Where’s the vision?  There’s no protection for *new* businesses from the depredations of the increasingly-powerful carriers who control internet access in this country.  The policy is all about deal-making with the major forces the Senator is used to - “rewarding companies that offer high-speed Internet access services to low income customers by allowing these companies to offset their tax liability for the cost of this service,” “encourage private investment to facilitate the build-out of infrastructure.”

We tried this deal-making for years, and it’s been a disaster.  We need leadership to get ourselves out of this mess, and as far as I can tell John McCain isn’t offering that.

There’s almost too much to say about the back-of-the-handedness of this policy, so I’ll stop here.  This isn’t vision.  It’s more like a wistful memoir about times gone by.

The McCain tech plan

Disclosure: I am not affiliated with either candidate. If you’re commenting here, please let us know whether you’re working for a campaign.

The McCain tech plan is out.  A few things leap out.

First, here’s the fact:  We don’t have a functioning “free market” in online access.  John McCain thinks we do. That kind of magical thinking takes real practice.

Instead, we’ve got four or so enormous companies that control most of the country’s access, and they’re probably delighted that McCain is promising not to regulate them.

The “net neutrality” movement is not about “regulating the internet.”  That’s twisted.

You can think of the internet as a conversation being had by more than a billion people walking along a sidewalk.  Big sidewalk.  Net neutrality would require that the sidewalk keep out of the conversation - not limit it, shape it, charge it based on how interesting it is, or butt in.  Right now, our sidewalks are in the business of deciding what kinds of conversations can happen, and they’re no longer required by law to just lie down and act like sidewalks.  That’s a problem.  We’d like the sidewalks, those basic transport elements, to be separate from the conversation.

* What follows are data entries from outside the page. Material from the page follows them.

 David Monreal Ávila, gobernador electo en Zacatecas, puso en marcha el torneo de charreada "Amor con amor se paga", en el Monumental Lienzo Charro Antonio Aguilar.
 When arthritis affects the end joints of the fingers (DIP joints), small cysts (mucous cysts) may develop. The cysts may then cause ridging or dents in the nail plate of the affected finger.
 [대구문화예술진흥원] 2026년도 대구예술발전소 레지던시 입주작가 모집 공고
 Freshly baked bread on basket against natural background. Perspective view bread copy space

Just as the power companies can’t dictate what kinds of purposes people use electricity for, the providers of basic general-purpose communications transport shouldn’t be able to dictate how we communicate.

We used to have thousands of independent ISPs in this country.  If that was still the case, we’d have the market McCain seems to believe in - the ISPs would be competing, and some of those ISPs would choose to be non-discriminatory.  We don’t have that any more, because the sidewalk (back to that image) has been freed to rise up and become a set of channels, stepping-stones, and other traffic-shaping capacities that affect the conversation - it’s “vertically integrated.”  And all of the ISPs have been killed off or absorbed into a few large companies.

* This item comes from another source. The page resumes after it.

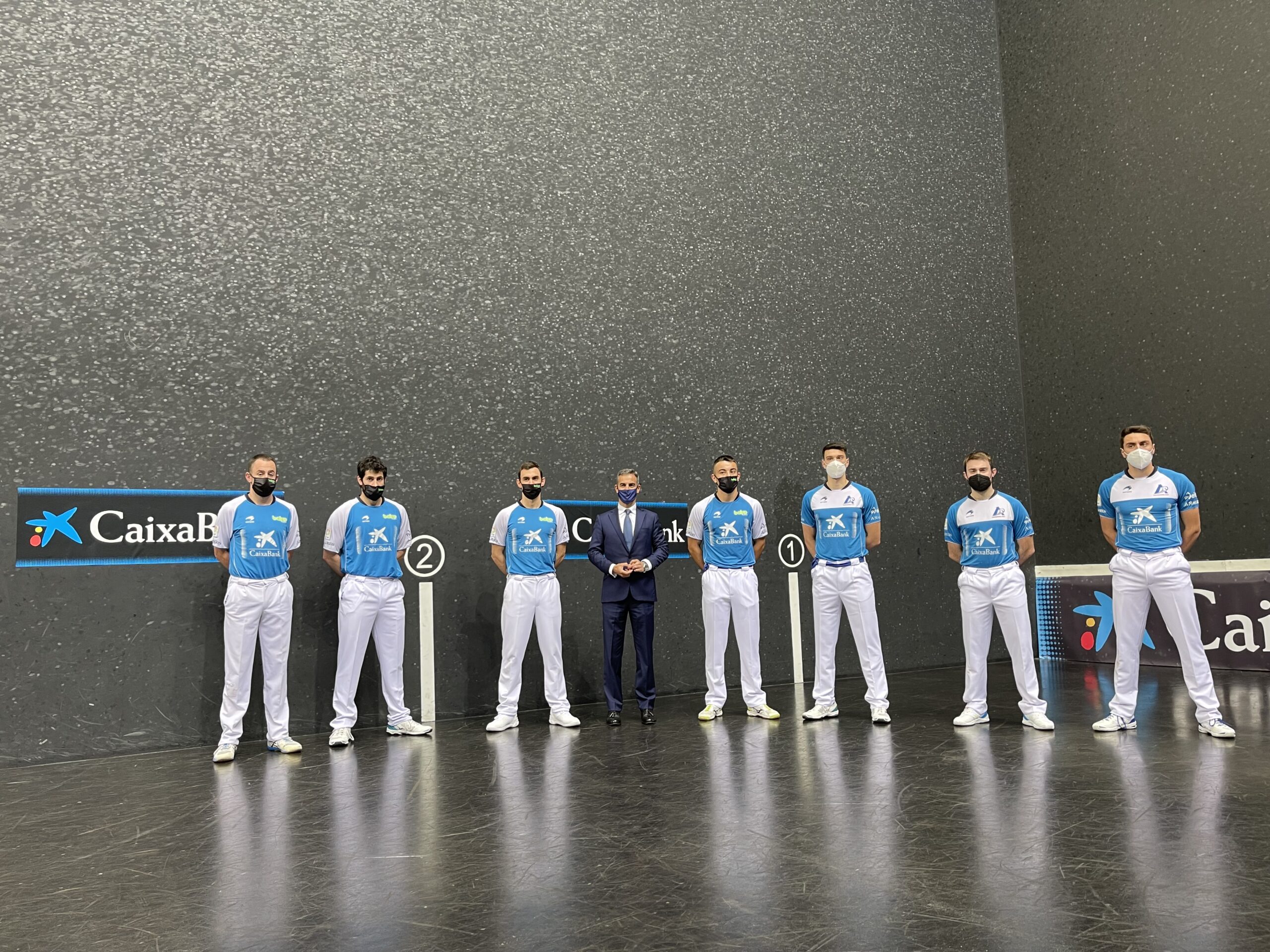 Bizkaia Frontoiko Prentsa Aretoan egindako aurkezpen ekitaldian parte hartu dute Emilio Cuadrado CaixaBankeko Bilboko Negozio Arloko zuzendariak, Unai Iglesias Baiko Pilotako ordezkariak eta Inaxio Errandonea ASPE Pelotako ordezkariak.

Not having basic, general purpose transport in place (to which lots of independent ISPs can connect) means no predictability for businesses or their investors.   It also means we’re empowering a few large gatekeepers to decide which companies will be effective.  That kind of private control over communications is something we’ve always cared about avoiding - until very recently.

Restoring basic, general-purpose, nondiscriminatory transport is not “regulating the Internet.”  It’s making the Internet - the conversation, remember, not the sidewalk - possible.

We can’t deal with all the sidewalk shenanigans on a case-by-case basis.  That just helps people who are good at hiring lawyers and delaying.  Instead, we need a rule and a separation of function, in my view.  You’re either a sidewalk or you’re not.

Second, the tax credit idea, under which McCain suggests there should be a credit of 10 percent of wages for each research & development employee, seems to be sort of a handout without real substance.  Don’t we want to encourage new investment and new jobs?  Why reward just the status quo?  I’m all for research, but this doesn’t seem very visionary.